Yes .. I am considering each element as median and trying to find the cost of coins and return minimum coins.
For the above example It will first consider 3 at index 0 as median do the operation, will consider 3 at index 1 as median do the operation similarly if we take six it will return 15 and for 7 it will return 9.
Current Median Index - 0, median value - 3, upperMedianDiff - 7, LowerMedian Diff - 0, cost of coins - 2147483647, cost of coins to convert to 3 - 0
Current Median Index - 1, median value - 3, upperMedianDiff - 7, LowerMedian Diff - 0, cost of coins - 2147483647, cost of coins to convert to 3 - 0
Current Median Index - 2, median value - 6, upperMedianDiff - 1, LowerMedian Diff - 6, cost of coins - 2147483647, cost of coins to convert to 6 - 15
Current Median Index - 3, median value - 7, upperMedianDiff - 0, LowerMedian Diff - 9, cost of coins - 15, cost of coins to convert to 7 - 9.
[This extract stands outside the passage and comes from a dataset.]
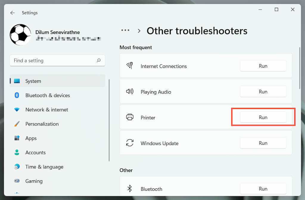 Windows has a built-in Printer troubleshooter that can fix most printer driver issues and other common printer problems. Run it before moving on to the rest of the fixes.
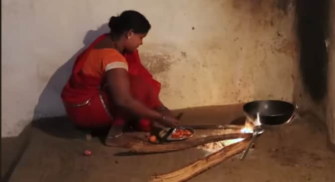 घर की छत पर चूल्हा बनाकर पका रहीं खाना

I handled this case but yet some problem with the soultion. If possible i am ready to upload the entire code. Can you please help me to find the mistake in this logic ??
Sorry, maybe I don't understand your solution... You must check all possible numbers in interval [0...maxAi] for 'median'. You can not check only elements from array. Example :
2 1 1
4 2
Array is: 3 3
Answer 1
How can anyone solve this problem in less then 3 or even 5 mins. It takes me more than that just to read and understand the requirments. Then, I think about the approach then I start coding. Can anyone explain me how those top 10 could solve this problem, in less than 5 mins?!!
I think they notice that the n k l values are very small, so a bf approach would be good enough to solve the problem, not necessary to find the best solution.
Below is the bf approach I wrote in java passed all cases in less than 0.2s, max is the max value, target can be the median, you just need to loop through all values between target and max value to find the min cost.
INCLUDED INCLUDED INCLUDED
while(max >= target){
In editorial problem setter talked about 'size' h. What did he mean by h? Size of array is n, so what is 'h'
He think that h is size of elements in the final-beautiful array. The question is: how much coins we should spend to make all elements eqaul with h. Because all numbers are in range [1,1000] we can iterate over all possible solutions for the size of elements in the final array. We will check all possible h in the given range.
What's the approach to solve this problem?
Editorial is published you can read solution :)
so by reading the Editorial, you just can't resubmit for more points? or does it remove the points you already have entirly?